The report discovered that ETF usage in portfolios is pivotal among the Greatest Generation and the Baby Boomer demographic groups as investors have become knowledgeable regarding the options available in the ETF asset class and the cost efficiency that the ETFs facilitate. 64% of advisors use ETFs as a core strategy in their client’s investment portfolios because they believe that ETFs will assist clients in accomplishing their financial objectives.
When it comes to choosing ETFs for a portfolio, the report found that “performance is most important (43 percent) and the provider’s brand recognition is least important (2 percent).” When it comes to ETF selection, the expense ratio, the bid-ask spread, and the investment strategy or investment sector were important 26%, 15%, and 14% of the time, respectively.
Justin Fay, a director for alternative investments and ETFs at Pershing, reported “ETFs can be a particularly attractive investment option for advisors, offering customizable solutions and potentially lower-cost access to markets, countries and sectors than many other comparable investment vehicles.
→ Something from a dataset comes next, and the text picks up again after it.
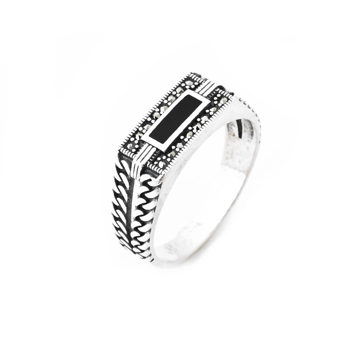خاتم رجالي فضة مأكسد عيار 925 بأحجار ماركزت ومينا سوداء وجه مستطيل بسيط كلاسيك وكاجوال BMR0100437

While the registered investment advisor executives (RIA) channel continues to dominate in terms of ETF use, we are seeing increased adoption across other channels, particularly independent broker-dealers who are implementing ETFs more frequently within portfolios, and this trend is expected to continue.”
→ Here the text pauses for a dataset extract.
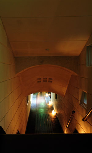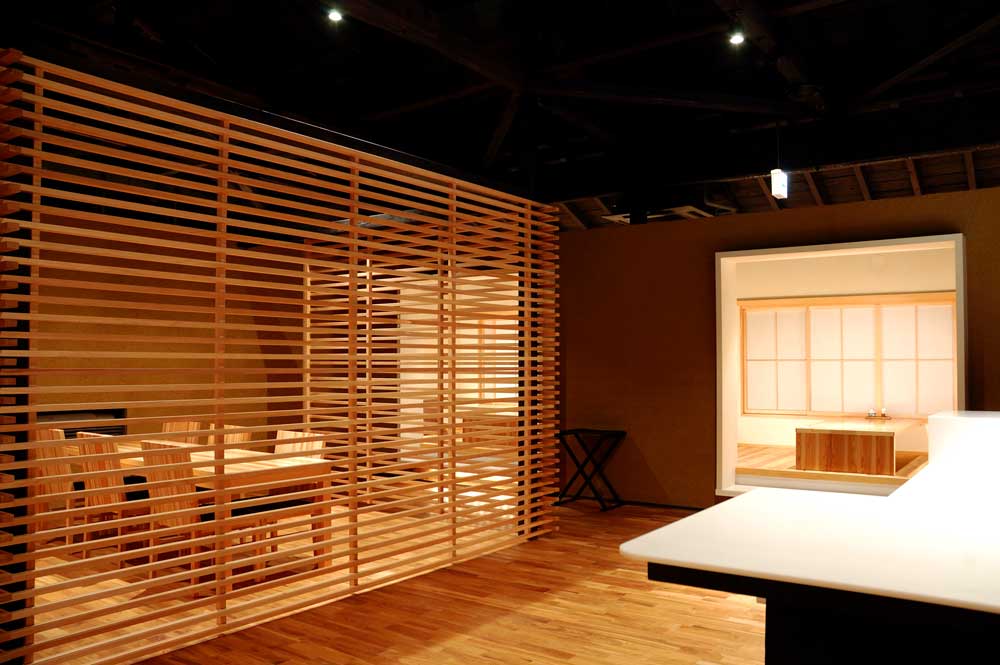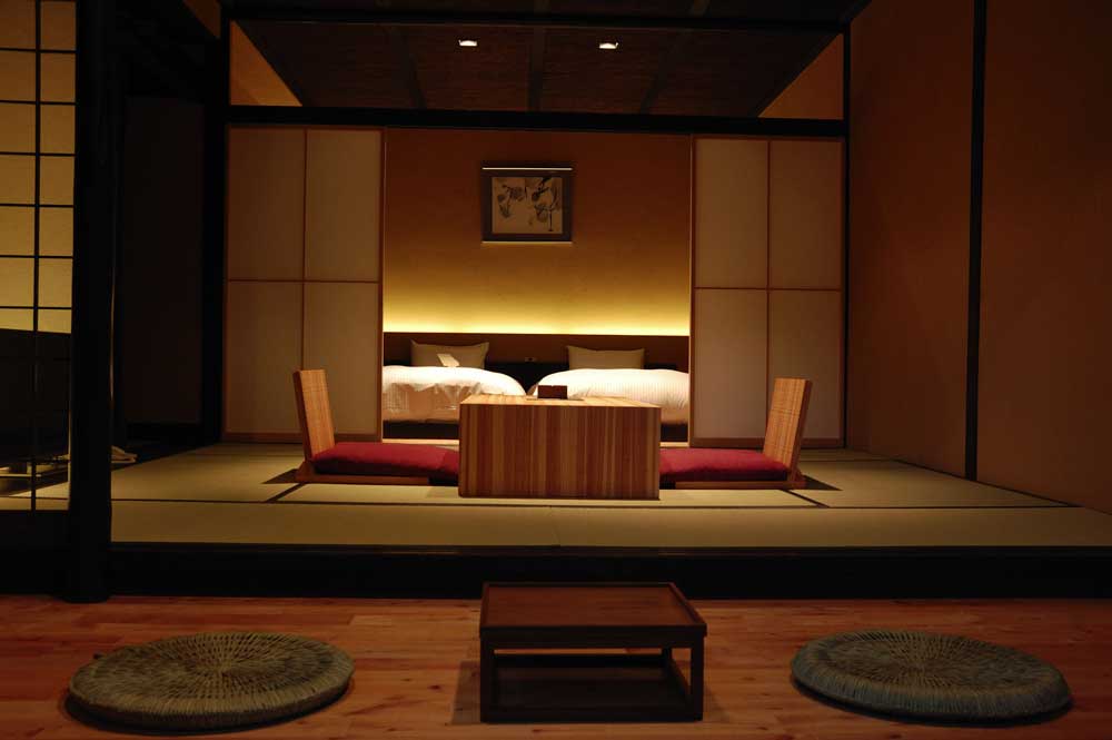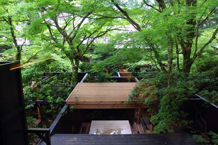 部屋にいるとこれが森林浴気分。この静けさ、包み込むような木々の緑。避暑地にうってつけですね。棟棟をつなぐ渡り廊下ら見える 緑にも癒される。敷地内を古道が通っていたりもする。その古道は歴史的価値があるため、渡り廊下はそれをよけるようにいったん地下にもぐってまた地上へ現 れる。箱根でも一、二の老舗旅館をおおきくリニューアルするには相当の覚悟と決意があったに違いない。都会的なテイストのダイニングや最先端な和モダンの 客室など、時にはハラハラするくらい意欲的。でも古いものをお払い箱にしたわけではないようだ。実際、旧家の別荘風の部屋も健在だったり、古い建材などが 姿を変えて活躍している面白さがある。なによりベースは木造の宿。建物が生きている感じがする。

PricewaterhouseCoopers forecasts, “global ETF assets to reach $5 trillion by 2020, 6 up significantly from $3.07 trillion at the end of March 2016.” Given newer ETF products such as smart beta ETFs, Matthew Forester, chief investment officer for Lockwood Advisors suggests that, “They are a technological and legal evolution in packaging investment returns. Newer, quasi-active ETFs, sometimes called smart beta ETFs, challenge active managers to compete on performance, return to risk ratios or both.”
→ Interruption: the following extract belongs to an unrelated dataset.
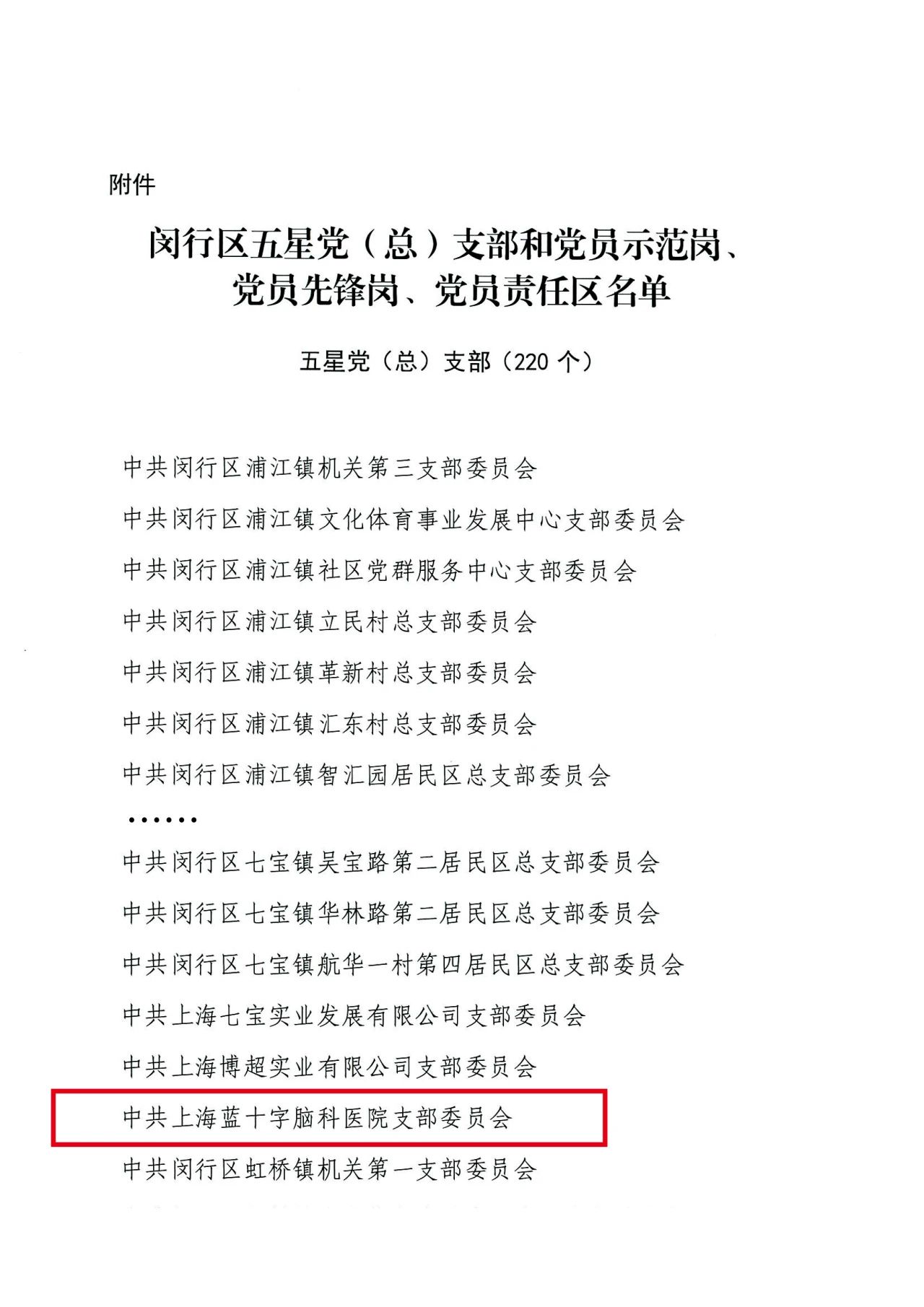 6月23日,為進一步發揮先進典型的示范引領作用,更好激勵各級黨組織和廣大黨員奮進新征程、建功新時代,經中共上海市閔行區委組織部研究決定:命名中共閔行區江川路街道安寧路第一居民區總支部委員會等220個黨(總)支部為“五星黨(總)支部”。中共上海藍十字腦科醫院支部委員會榜上有名。

ETFs have become extremely attractive to investors due to the cost efficiencies, growing investor awareness about this asset class, ETFs ability to provide access to new markets, increased transparency of holds, and the readily available digital advice on ETFs. Investors, advisors, and portfolio managers should strongly consider investing in ETFs to enjoy the aforementioned benefits in addition to the diversification, leveraging, liquidity, and large range of investment strategies and opportunities that ETFs based on different financial instruments can provide investors.
Deborah Fuhr, co-founder and managing partner with London-based ETF research and consultancy firm ETFGI LLC, suggests that ETFs have risen to prominence given “Most allow for index exposures, as it is hard to find consistent, active, alpha managers”. “It’s hard to find active managers anywhere in the world that consistently outperform”.